Below is the actual software architecture showing how services within Netflix running on AWS collaborate to provide customers with all their video goodness.

(We now return you to our normal viewing)

The truth is this picture is just some random grab from a Google image search.  And actually, statistically speaking this diagram might be exactly what I described, but in all honestly, the chances are slim… but that’s besides the point, because the main cloud architect from Netflix recently said this about the very architecture this diagram is purporting to describe…

“We don’t keep track of dependencies. We let every individual developer keep track of what they have to do. …We can’t provide an architecture diagram, it has too many boxes and arrows.

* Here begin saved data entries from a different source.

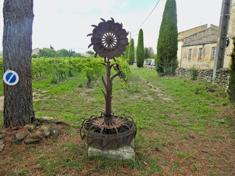 We hadden gisteren al zo’ vermoeden dat er door de Mistral weinig van fietsen zou terecht komen. De wind wakkerde aan tot 60 km p.u., dan is fietsen, ook op een elektrische fiets niet leuk. En omdat er een vlagerige wind stond, is dat nog gevaarlijk ook, hoewel dat vanmiddag nog wel mee viel. Nu zijn we wel blij met de regen van gisteren, als het droog is stuift het erg bij de droge wind die de Mistral is . Wie ook blij zijn met de Mistral zijn de boeren, dan kunnen de druiven weer drogen en kan men verder met de oogst voor zover dat nog niet gebeurd is. De oogst van de Côtes du Rhône is door klimaatverandering de laatste decennia vervroegd met gemiddeld 17 dagen. Hier rondom ons heen zijn alle druiven al geoogst, dat scheelt weer een hoop lawaai van ’s morgens vroeg tot ’s avonds laat met tractoren met aanhangers vol druiven.
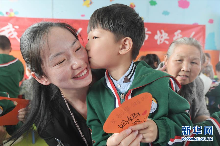 5月10日,在湖北省襄阳市一家幼儿园举办的母亲节主题活动中,一名小朋友将自己制作的贺卡献给妈妈。 新华社发(安富斌 摄)
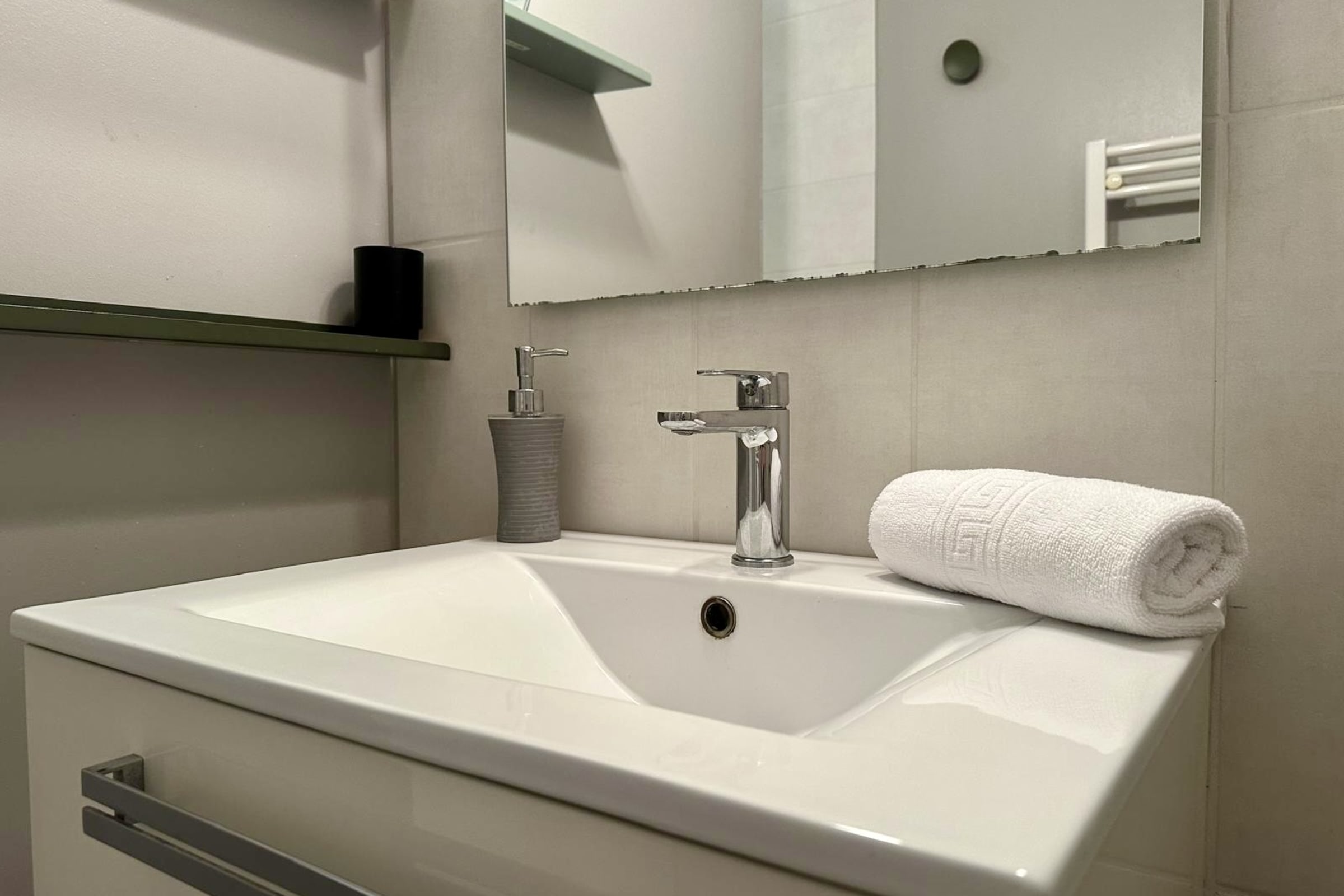 - 1 bathroom with shower, single sink
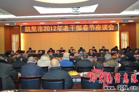 祥和喜慶迎新春,情真意切話發展。1月4日 下午,凱里市2012年老干部春節座談會在行政中心舉行。州委常委、市委書記黃遠良,州政協主席、市委副書記、市長洪金洲,市人大常委會主任龍興安,市政協主席潘詩權,以及凱里市其他四大班子領導與全市各企事業單位的離退休干部代表歡聚一堂,共迎新春佳節,共謀凱里發展。座談會由凱里市委副書記周文鋒主持。

There are literally hundreds of services running…I don’t worry about it because we’ve built a decoupled system where every service is capable of withstanding the failure of every service it depends on.”

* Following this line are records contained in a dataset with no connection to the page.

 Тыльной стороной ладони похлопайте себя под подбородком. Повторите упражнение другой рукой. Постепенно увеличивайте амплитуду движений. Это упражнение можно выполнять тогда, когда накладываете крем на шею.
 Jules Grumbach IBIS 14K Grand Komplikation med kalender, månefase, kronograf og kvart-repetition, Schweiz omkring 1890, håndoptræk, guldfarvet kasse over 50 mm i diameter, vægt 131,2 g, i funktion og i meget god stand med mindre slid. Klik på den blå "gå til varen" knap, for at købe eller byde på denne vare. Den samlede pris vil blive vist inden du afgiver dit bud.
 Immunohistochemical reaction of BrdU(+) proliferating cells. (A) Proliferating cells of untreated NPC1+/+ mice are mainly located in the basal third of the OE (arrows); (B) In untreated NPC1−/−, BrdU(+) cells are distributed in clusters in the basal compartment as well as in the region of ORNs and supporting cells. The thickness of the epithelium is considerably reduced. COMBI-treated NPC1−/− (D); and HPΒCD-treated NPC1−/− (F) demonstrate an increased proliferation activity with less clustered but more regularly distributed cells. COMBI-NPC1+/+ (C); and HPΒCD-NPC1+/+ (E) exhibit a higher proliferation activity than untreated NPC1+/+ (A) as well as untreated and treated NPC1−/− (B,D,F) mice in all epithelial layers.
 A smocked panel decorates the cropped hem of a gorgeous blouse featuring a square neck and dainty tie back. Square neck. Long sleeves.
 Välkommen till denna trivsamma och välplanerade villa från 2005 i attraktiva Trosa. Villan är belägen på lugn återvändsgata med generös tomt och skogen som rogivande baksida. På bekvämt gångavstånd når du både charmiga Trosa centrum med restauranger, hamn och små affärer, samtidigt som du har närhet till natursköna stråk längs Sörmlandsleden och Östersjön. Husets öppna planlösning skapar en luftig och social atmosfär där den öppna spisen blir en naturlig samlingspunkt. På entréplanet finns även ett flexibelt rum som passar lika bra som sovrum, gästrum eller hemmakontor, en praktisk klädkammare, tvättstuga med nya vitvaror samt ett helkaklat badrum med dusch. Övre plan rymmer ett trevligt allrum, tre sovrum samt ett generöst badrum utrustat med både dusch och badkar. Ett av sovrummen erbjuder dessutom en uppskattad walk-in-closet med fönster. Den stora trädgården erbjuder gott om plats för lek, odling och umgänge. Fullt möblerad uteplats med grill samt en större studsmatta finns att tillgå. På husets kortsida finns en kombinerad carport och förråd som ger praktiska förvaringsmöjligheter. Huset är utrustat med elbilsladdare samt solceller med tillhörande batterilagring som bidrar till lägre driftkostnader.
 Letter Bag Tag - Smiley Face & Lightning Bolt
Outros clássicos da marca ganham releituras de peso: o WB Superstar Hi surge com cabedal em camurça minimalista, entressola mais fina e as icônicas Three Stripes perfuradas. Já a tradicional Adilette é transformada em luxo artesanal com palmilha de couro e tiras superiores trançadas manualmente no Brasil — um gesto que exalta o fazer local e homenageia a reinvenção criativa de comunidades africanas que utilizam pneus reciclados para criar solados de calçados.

My first reaction to reading this (and the rest of the quite informative article) was “boy – this guy’s a brave soul to make those statements publicly”, which I almost immediately realised was a fairly cowardly response as the architecture is obviously working for them.  From external perception, Netflix have a good reputation when it comes to service reliability and delivery and they were the only big AWS client to survive the US East EBS meltdown on April 2011 (http://techblog.netflix.com/2011/04/lessons-netflix-learned-from-aws-outage.html).  Based on all of this, I have to conclude that the good folk at Netflix really understand how to architect for large-scale distribution on AWS – which is an art that many of their virtualised neighbours on AWS are still grappling with.

So after thinking about what worried me so much about how the Netflix architecture was described in that article  I realised that if I came across an architectural diagram anything similar to the one I displayed earlier, I would immediately be very suspicious of the people behind this design and how it came to be this way.  Perhaps my initial bias is somewhat unfounded…

Indeed, I automatically assume that a highly coupled architecture (like the diagram shows) implies a highly dependent architecture: systems of components/services that rely on the availability of their collaborators.  That is obviously not the case with Netflix.  Furthermore, given AWS is based on commodity hardware which is literally failing all over the place, building solutions that are highly tolerant of failure are a cornerstone of any reliable cloud architecture.

So perhaps I should focus less on coupling and start looking more at how dependencies and failover are managed?

Perhaps this sort of diagram isn’t necessarily an automatic red flag?

Indeed, AWS much published thoughts on 2-pizza teams will naturally produced more naturally distributed architectures based on much larger numbers of small connected services.